## Data extract
____________

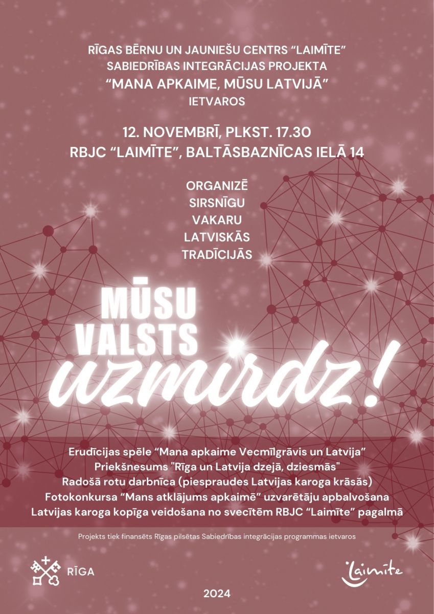 Cienījamie Rīgas iedzīvotāji! Aicinām uz Rīgas bērnu un jauniešu centru "Laimīte", kur integrācijas projekta “Mana apkaime, mūsu Latvijā” ietvaros notiks divi "Mūsu valsts uzmirdz" pasākumi:
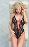 Черное боди из полупрозрачной ткани позволяет рассмотреть все, что скрыто. Боди плотно облегает тело, глубокое декольте и красная шнуровка привлекают внимание к груди. Боди оставляет открытой спину и отлично сочетается с чулками.
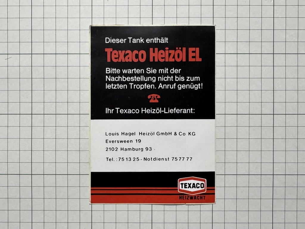 - TEXACO テキサコ 暖房用燃料オイル 広告 ステッカー 宣伝 +Gb
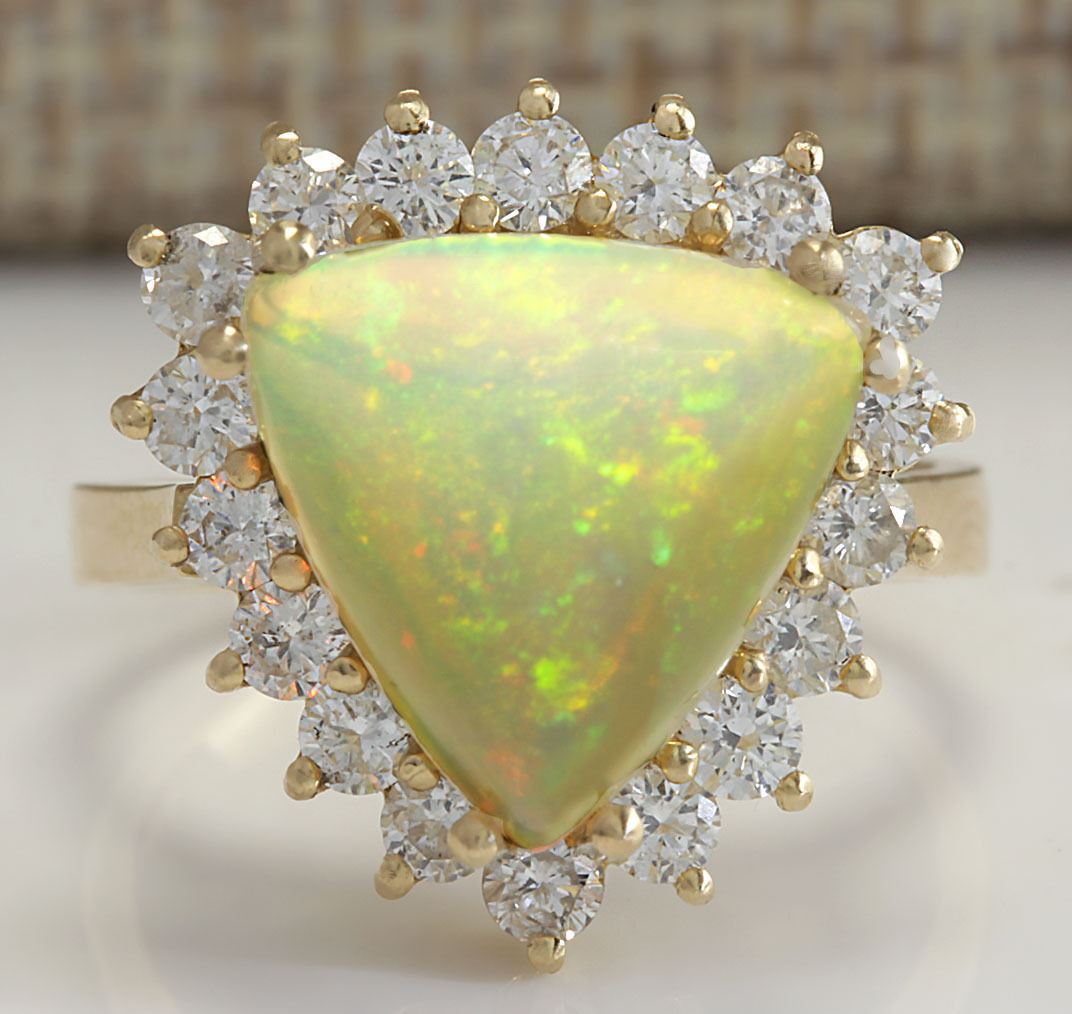 4.77 CTW Natural Opal And Diamond Ring In 14K Solid Yellow Gold

____________

## Work to complete
Set down the data exactly as it appears, without any images.

## Answer to this task
 Cienījamie Rīgas iedzīvotāji! Aicinām uz Rīgas bērnu un jauniešu centru "Laimīte", kur integrācijas projekta “Mana apkaime, mūsu Latvijā” ietvaros notiks divi "Mūsu valsts uzmirdz" pasākumi:
 Черное боди из полупрозрачной ткани позволяет рассмотреть все, что скрыто. Боди плотно облегает тело, глубокое декольте и красная шнуровка привлекают внимание к груди. Боди оставляет открытой спину и отлично сочетается с чулками.
 - TEXACO テキサコ 暖房用燃料オイル 広告 ステッカー 宣伝 +Gb
 4.77 CTW Natural Opal And Diamond Ring In 14K Solid Yellow Gold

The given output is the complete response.